Когда музыка прекратилась, Софья Осиповна вытерла слезы и сердито произнесла:
— Так, сказал бедняк!
Потом она взглянула на лицо мальчика, оно было так ужасно, что даже здесь выделялось своим особым выражением.
— Что ты? Что с тобой? — вскрикнула Софья Осиповна и резко дернула его за руку. — Что ты, что с тобой, ведь мы идем мыться в баню.
Когда стали выкликать врачей-хирургов, она молчала, противилась ненавистной ей силе.
Рядом шла жена слесаря, и большеголовый жалкий младенец на ее руках всматривался в окружавшее беззлобным и задумчивым взглядом. Эта жена слесаря ночью в вагоне украла для своего ребенка у одной женщины горсточку сахара. Пострадавшая оказалась совсем слабой. За нее вступился старик по фамилии Лапидус, возле которого никто не хотел сидеть, так как он много мочился под себя.
И вот теперь Дебора, жена слесаря, задумавшись, шла, держа ребенка на руках. И ребенок, день и ночь кричавший, молчал. Печальные темные глаза женщины делали незаметным уродство ее грязного лица, ее бледных, мягких губ.
«Матерь Божья», — подумала Софья Осиповна.
Когда-то, года за два до войны, она глядела, как восходящее из-за тянь-шаньских сосен солнце освещает снеговые белки, а озеро лежит в сумерке, словно бы выточенное из одной сгущенной до каменной плотности синевы; тогда она подумала, что нет в мире человека, который не позавидовал бы ей, и тут же с обжегшей ее пятидесятилетнее сердце силой ощутила, что все бы отдала, если б где-нибудь в нищей, темной комнате с низким потолком ее обняли бы руки ребенка.

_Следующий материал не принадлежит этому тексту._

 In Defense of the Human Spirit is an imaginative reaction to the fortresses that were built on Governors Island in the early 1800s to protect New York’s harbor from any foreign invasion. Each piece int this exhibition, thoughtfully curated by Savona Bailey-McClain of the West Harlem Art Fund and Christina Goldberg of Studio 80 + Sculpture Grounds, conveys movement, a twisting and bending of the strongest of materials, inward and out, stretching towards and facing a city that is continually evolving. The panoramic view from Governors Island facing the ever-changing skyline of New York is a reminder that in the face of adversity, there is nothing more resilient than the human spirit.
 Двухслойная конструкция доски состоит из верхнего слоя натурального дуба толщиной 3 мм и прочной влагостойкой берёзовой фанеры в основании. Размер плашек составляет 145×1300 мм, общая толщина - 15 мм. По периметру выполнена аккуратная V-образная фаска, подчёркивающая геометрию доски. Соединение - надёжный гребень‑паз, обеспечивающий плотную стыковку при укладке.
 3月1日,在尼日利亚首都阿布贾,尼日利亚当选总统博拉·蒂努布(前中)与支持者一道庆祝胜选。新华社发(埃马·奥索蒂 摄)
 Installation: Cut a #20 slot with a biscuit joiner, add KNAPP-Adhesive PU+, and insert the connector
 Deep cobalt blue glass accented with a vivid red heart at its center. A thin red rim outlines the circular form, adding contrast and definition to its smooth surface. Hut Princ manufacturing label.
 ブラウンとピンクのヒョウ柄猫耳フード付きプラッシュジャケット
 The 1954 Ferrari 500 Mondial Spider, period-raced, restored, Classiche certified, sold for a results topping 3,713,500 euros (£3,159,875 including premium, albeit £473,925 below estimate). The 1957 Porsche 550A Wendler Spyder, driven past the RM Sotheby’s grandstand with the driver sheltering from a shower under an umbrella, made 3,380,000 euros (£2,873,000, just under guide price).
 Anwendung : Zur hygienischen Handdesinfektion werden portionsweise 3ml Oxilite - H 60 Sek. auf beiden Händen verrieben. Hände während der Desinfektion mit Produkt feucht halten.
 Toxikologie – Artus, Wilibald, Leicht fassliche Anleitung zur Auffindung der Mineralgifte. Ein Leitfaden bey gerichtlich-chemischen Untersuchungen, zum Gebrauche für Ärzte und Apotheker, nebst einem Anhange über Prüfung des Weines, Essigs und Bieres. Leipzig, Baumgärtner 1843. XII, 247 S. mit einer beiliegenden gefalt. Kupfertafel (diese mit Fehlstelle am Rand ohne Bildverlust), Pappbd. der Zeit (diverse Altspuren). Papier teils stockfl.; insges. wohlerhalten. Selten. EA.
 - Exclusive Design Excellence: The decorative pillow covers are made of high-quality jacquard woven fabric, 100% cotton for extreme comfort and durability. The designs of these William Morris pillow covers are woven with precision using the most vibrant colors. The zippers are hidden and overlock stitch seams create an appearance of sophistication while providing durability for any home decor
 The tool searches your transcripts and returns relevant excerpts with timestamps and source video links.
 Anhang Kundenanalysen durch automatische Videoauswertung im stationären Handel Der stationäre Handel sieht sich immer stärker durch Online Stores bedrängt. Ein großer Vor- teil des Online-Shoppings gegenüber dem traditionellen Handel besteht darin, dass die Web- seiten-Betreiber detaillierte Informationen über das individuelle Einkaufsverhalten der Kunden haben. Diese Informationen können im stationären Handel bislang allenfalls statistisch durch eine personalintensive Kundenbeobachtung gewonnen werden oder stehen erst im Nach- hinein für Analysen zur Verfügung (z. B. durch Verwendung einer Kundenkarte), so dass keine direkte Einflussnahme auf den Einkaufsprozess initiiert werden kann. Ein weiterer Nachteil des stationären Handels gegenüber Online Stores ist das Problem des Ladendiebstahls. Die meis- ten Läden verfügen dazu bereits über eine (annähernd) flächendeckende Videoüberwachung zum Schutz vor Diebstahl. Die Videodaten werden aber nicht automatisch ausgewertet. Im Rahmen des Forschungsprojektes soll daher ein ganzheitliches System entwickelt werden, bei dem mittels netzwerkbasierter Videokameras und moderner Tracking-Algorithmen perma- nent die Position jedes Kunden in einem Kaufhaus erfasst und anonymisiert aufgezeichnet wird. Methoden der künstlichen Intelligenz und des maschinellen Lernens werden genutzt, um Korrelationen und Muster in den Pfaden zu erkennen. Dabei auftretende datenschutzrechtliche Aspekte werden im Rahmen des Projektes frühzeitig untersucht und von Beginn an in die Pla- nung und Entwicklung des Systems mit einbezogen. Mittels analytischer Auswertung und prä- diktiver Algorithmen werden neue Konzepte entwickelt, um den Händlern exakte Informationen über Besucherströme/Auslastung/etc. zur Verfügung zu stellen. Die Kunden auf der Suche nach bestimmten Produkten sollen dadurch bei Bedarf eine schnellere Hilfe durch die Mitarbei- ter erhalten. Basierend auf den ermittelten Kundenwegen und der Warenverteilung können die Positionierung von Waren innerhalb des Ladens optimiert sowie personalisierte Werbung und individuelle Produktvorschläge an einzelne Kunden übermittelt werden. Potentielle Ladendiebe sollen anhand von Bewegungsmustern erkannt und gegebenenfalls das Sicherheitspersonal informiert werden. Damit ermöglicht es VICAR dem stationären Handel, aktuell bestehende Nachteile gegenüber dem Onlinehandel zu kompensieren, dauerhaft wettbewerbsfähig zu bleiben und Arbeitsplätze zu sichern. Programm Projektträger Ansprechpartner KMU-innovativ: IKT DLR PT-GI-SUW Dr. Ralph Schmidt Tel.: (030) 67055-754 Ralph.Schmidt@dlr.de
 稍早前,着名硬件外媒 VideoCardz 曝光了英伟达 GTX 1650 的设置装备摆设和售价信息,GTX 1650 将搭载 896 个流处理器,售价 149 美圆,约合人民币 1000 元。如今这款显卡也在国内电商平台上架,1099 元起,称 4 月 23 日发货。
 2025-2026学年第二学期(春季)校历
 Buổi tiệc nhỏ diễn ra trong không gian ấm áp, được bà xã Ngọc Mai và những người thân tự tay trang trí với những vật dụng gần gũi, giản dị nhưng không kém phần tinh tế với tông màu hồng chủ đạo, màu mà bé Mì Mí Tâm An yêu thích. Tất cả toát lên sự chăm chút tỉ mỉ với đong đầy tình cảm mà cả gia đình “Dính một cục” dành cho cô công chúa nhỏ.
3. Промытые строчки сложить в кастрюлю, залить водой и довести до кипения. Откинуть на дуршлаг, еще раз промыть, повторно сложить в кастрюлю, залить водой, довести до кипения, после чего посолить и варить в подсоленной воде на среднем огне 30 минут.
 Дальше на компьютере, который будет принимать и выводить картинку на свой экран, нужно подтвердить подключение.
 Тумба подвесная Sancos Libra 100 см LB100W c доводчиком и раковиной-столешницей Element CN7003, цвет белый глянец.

Маленький Давид вызвал в ней особую нежность, которую она никогда не испытывала к детям, хотя всегда любила детей. В вагоне она отдавала ему часть своего хлеба, он поворачивал к ней в полутьме лицо, и ей хотелось плакать, прижать его к себе, целовать частыми, быстрыми поцелуями, которыми обычно матери целуют маленьких детей; она шепотом, так, чтобы он не расслышал, повторяла:
— Кушай, сыночек, кушай.
Она мало разговаривала с мальчиком, странный стыд заставлял ее скрывать возникшее в ней материнское чувство. Но она заметила, что мальчик всегда тревожно следит за ней, если она перебиралась в другую сторону вагона, становился спокоен, когда она была вблизи него.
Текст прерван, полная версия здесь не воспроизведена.